Dat transities lang duren, heeft alles te maken met de genoemde complexiteit. Lintsen: „Een transitie is niet zomaar het vervangen van een technische installatie, maar een overstap van een hele samenleving op een nieuw systeem. Er moet zo veel veranderen. Daarbij heb je te maken met gebruikers, industrie en politici. Het gaat om allerlei belangen, routines, wetgeving, kosten en baten. Zoiets heeft tijd nodig.” Dat een transitie desondanks snel kan gaan, bewijst de invoering van het aardgasnet in Nederland. Lintsen: „In tien jaar tijd werd er in heel het land een volledig nieuwe infrastructuur uit de grond gestampt. Daar zat een geweldige logistiek achter. Dat het destijds zo rap ging, had te maken met het feit dat er algemene consensus was. Het gemak van aardgas werd door iedereen ingezien.”
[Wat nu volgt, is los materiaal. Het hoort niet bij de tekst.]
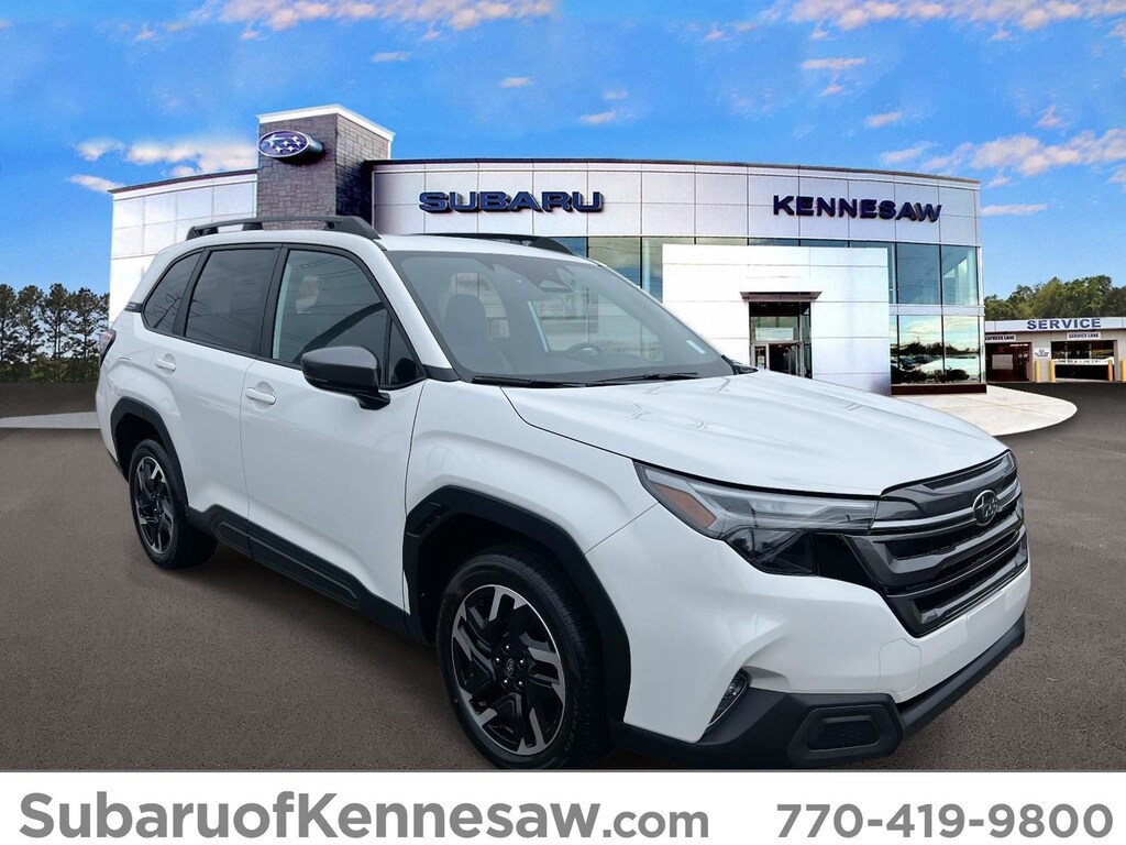 Certified. White 2026 Subaru Forester Limited AWD Lineartronic CVT 2.5L 4-Cylinder DOHC 16V New Feature, **Back up Camera, **Bluetooth, **Keyless Entry, **Blind Spot Monitor, **Apple CarPlay, Forester Limited, 4D Sport Utility, 2.5L 4-Cylinder DOHC 16V, Lineartronic CVT, AWD, White, 4-Wheel Disc Brakes, 6 Speakers, ABS brakes, Air Conditioning, Alloy wheels, AM/FM radio: SiriusXM with 360L, Anti-whiplash front head restraints, Auto High-beam Headlights, Automatic temperature control, Brake assist, Bumpers: body-color, Driver door bin, Driver vanity mirror, Dual front impact airbags, Dual front side impact airbags, Electronic Stability Control, Emergency communication system: MySubaru Companion (5-years free), Exterior Parking Camera Rear, Four wheel independent suspension, Front anti-roll bar, Front Bucket Seats, Front Center Armrest, Front dual zone A/C, Front fog lights, Front reading lights, Fully automatic headlights, Harman/Kardon Speaker System and Navigation and Reverse Automatic Braking, Heated door mirrors, Heated Front Bucket Seats, Heated front seats, Heated steering wheel, Illuminated entry, Knee airbag, Leather steering wheel, Low tire pressure warning, Occupant sensing airbag, Outside temperature display, Overhead airbag, Overhead console, Panic alarm, Passenger door bin, Passenger vanity mirror, Perforated Leather-Trimmed Upholstery, Power door mirrors, Power driver seat, Power Liftgate, Power moonroof: Panoramic, Power passenger seat, Power steering, Power windows, Radio data system, Radio: Subaru 11.6" Multimedia Navigation System, Radio: Subaru 11.6" Multimedia Plus System, Rain sensing wipers, Rear anti-roll bar, Rear seat center armrest, Rear window defroster, Rear window wiper, Remote keyless entry, Reverse Automatic Braking (RAB) System, Security system, Speed control, Speed-sensing steering, Split folding rear seat, Spoiler, Steering wheel mounted audio controls, Tachometer, Telescoping steering wheel, Tilt steering wheel, Traction control, Trip computer, Turn signal indicator mirrors, Variably intermittent wipers, Wheels: 18" x 7.0 J Dark Metallic Aluminum-Alloy.
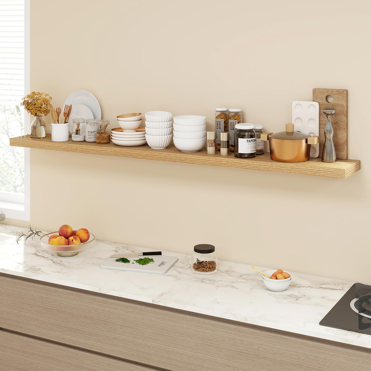 - [RUSTIC CHARM WITH CONTEMPORARY TOUCH]: These hollow-core 72 inch floating shelves seamlessly merge farmhouse elegance with modern aesthetics. Made from premium engineered wood, their rustic wood grain brings warmth and texture to any room. Arrange them side-by-side, staggered, or in a corner for a streamlined look that enhances both traditional and contemporary interiors.
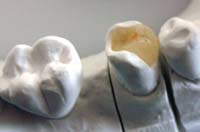 Inlays Inlays sind Füllungen die aus Kunststoff, Keramik oder Metall gefertigt werden können. Ist nach Entfernen von Karies noch ausreichend eigene Zahnsubstanz vorhanden, kann dieser Defekt mit einem Inlay geschlossen werden. |
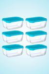 #Mutfakta Yardımcı; 6 Adet Mavi Kapaklı Dikdörtgen Saklama Kabı ve Servis Kasesi; Kapaklı Kullanım ile Yiyeceklerinizi Daha Uzun Süre Taze Tutar.; Kapaksız Kullanım ile Kahvaltı Sofralarınız İçin İdeal Bir Servis Kasesidir.; Leke ve Koku Tutmaz, Kolay Temizlenir.; Kullanımı Kolay, Sade ve Pratik Şeffaf Saklama Kabı; İç İçe Geçen Tasarımı Sayesinde Kullanılmadığında Daha Az Yer Kaplar; Hacim: 420 cc.; Ağız Çapı: 120x91 mm.; Yükselik: 58 mm.; #Cam Sağlıktır.;
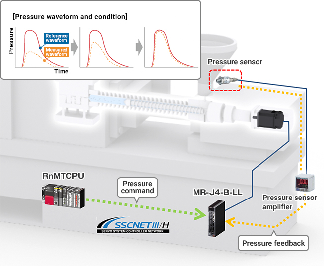| Improving the product quality by controlling the molding pressure in real time | Perform a high-response pressure control with servo amplifiers supporting pressure control. |
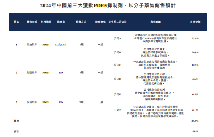 从市场份额分布来看,中国PDE5抑制剂市场呈现出明显的“三足鼎立”态势。西地那非、他达拉非和伐地那非三大药物合计占据近40%的市场份额,其中西地那非以23.6%的绝对优势领跑市场,他达拉非以10.6%位居第二,伐地那非和其他药物共同瓜分剩余份额。然而,排名前三的药物合计市场份额尚未超过40%,这意味着市场仍然存在大量的分散空间。对于TPN171这样的新产品而言,这既是一个积极的信号,也暗示着市场竞争的激烈程度。面对西地那非、他达拉非等已建立强大市场壁垒的竞争对手,TPN171需要证明的不仅是临床优势,更是商业化能力。
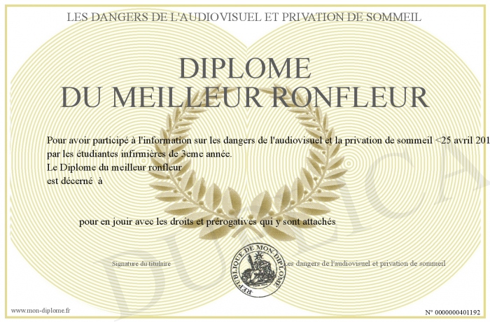 Envoyez par email votre Diplôme du meilleur ronfleur personalisé
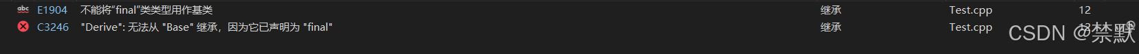 方法2:C++11新增了一个final关键字,final修改基类,派生类就不能继承了。

Gales verbaast zich nog steeds over het feit dat iedereen zo snel om was. „Er zijn vast mensen geweest die de overstap naar aardgas niet aandurfden. Toch is het imponerend hoe vloeiend in de meeste plaatsen bijvoorbeeld de fornuizen zijn vervangen. De monteur stond simpelweg op de stoep of in andere gemeenten kon iedereen zelf bij het gemeentelijk gasbedrijf een nieuw fornuis uitzoeken.”

In Frankrijk leverde de invoering van kernenergie een ander voorbeeld van een snelle transitie. Nadat in 1962 de eerste kerncentrale openging, duurde het amper twintig jaar voordat deze energievorm de belangrijkste bron van elektriciteit was.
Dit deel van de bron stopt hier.